Non sono stanco

Gennaio 28, 2014

Curtis Peter van Gorder

Non sono stanco. Solo un morto è stanco.
Dammi la forza di continuare il tuo lavoro.
I morti possono forse lodarti?
No di certo, ma le anime viventi sì, io sì.
La vita è troppo breve, perché guardare indietro?
Se guardi indietro, perdi la strada.
Majek Fashek[1]

Tutti a volte ci stanchiamo di lottare quando le cose si fanno difficili, ma come possiamo uscire da quella spirale discendente? — mi sono chiesto.

Durante un recente viaggio in Cappadocia, in Turchia,[2] un mio amico ha suonato la canzone “Non sono stanco”, che ha sparso un po’ di luce sull’argomento e mi ha aiutato a fare dei collegamenti con alcune esperienze che ho fatto mentre ero là. Mi ha colpito il contrasto tra chi tende ad arrendersi facilmente e le persone più resistenti che una volta abitavano in quella regione.
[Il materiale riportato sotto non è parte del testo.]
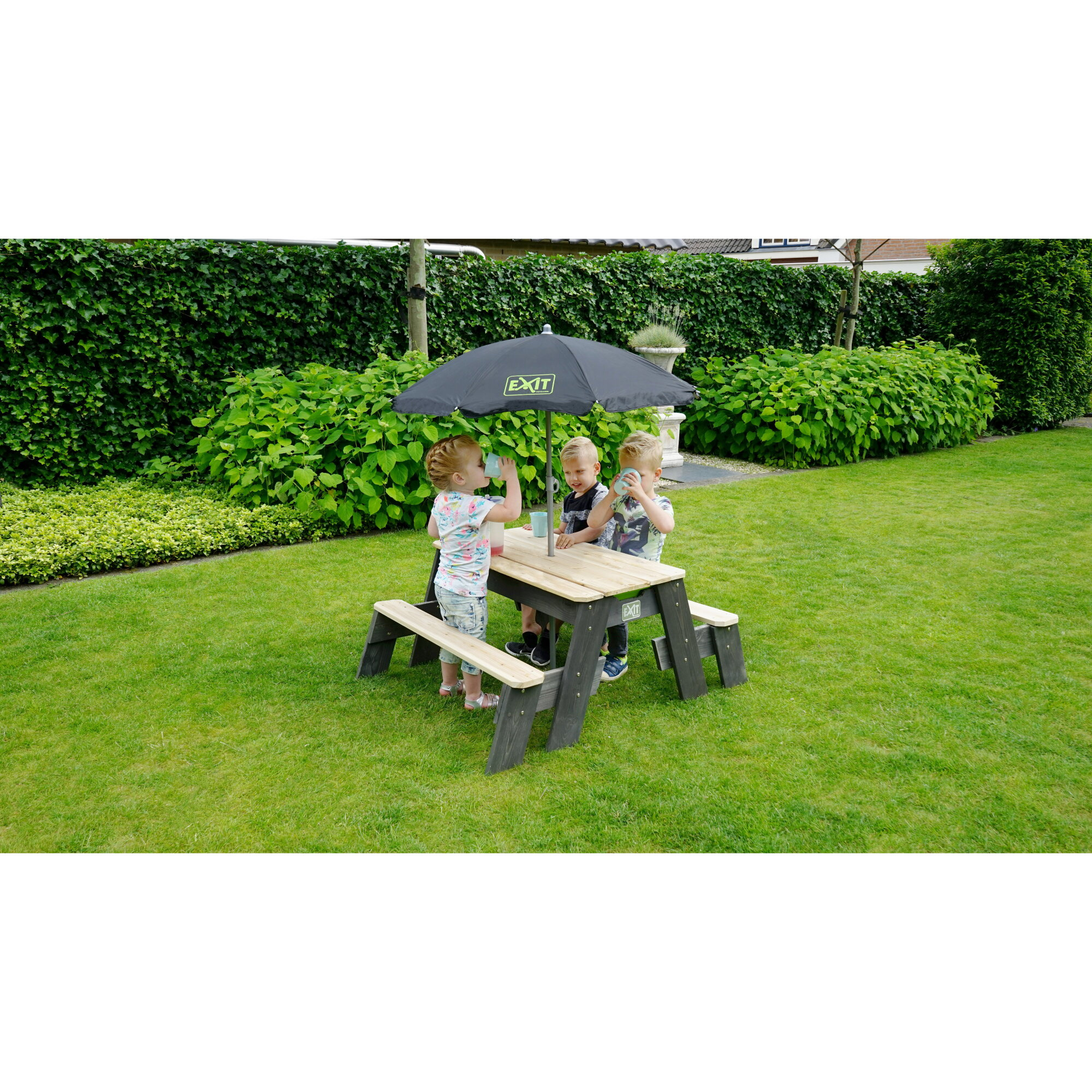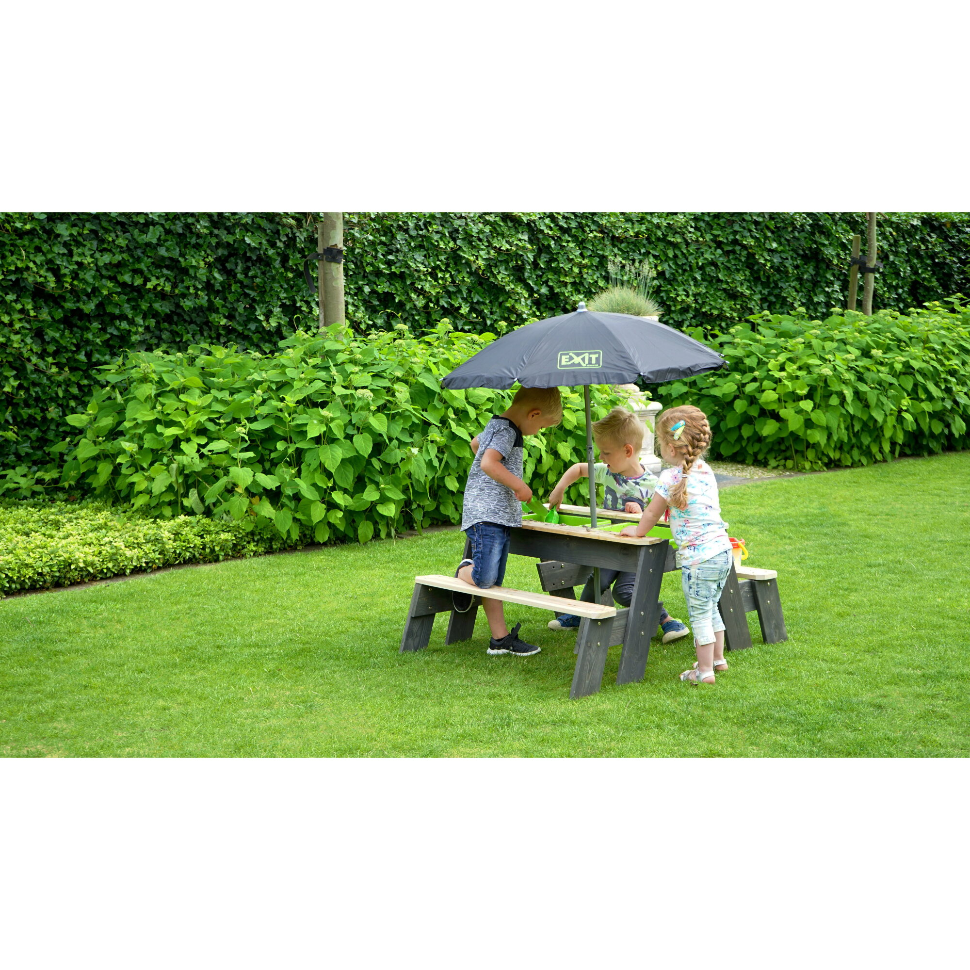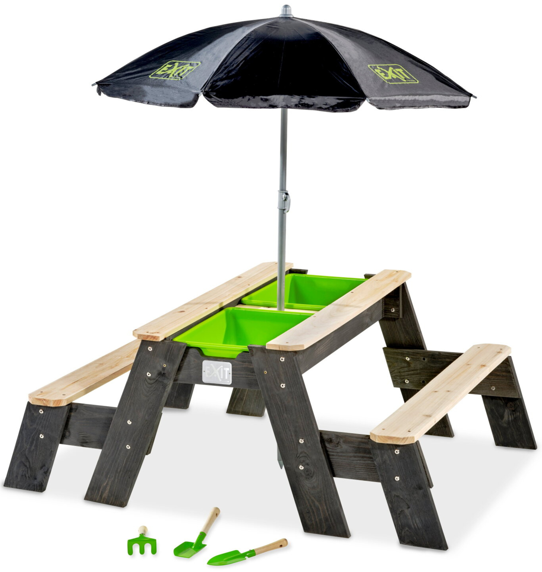 EXIT Aksent Stół do wody i piasku z dwoma pojemnikami i podwójnym siedziskiem parasolem i narzędziami ogrodniczymi

Chiunque vada in Cappadocia vi dirà che è un luogo fantastico e soprannaturale. Le formazioni vulcaniche si innalzano come guglie giganti e s’intrecciano come sculture stranissime. I torrenti scorrono in fondo a gole sovrastate da quattrocento chiese scavate nella roccia dei monti circostanti. Questa zona è stata la casa di varie popolazioni nel corso dei millenni, a cominciare dagli antichi Ittiti. La presenza forse più notevole fu quella dei Cristiani che vissero lì in comunità per molti anni.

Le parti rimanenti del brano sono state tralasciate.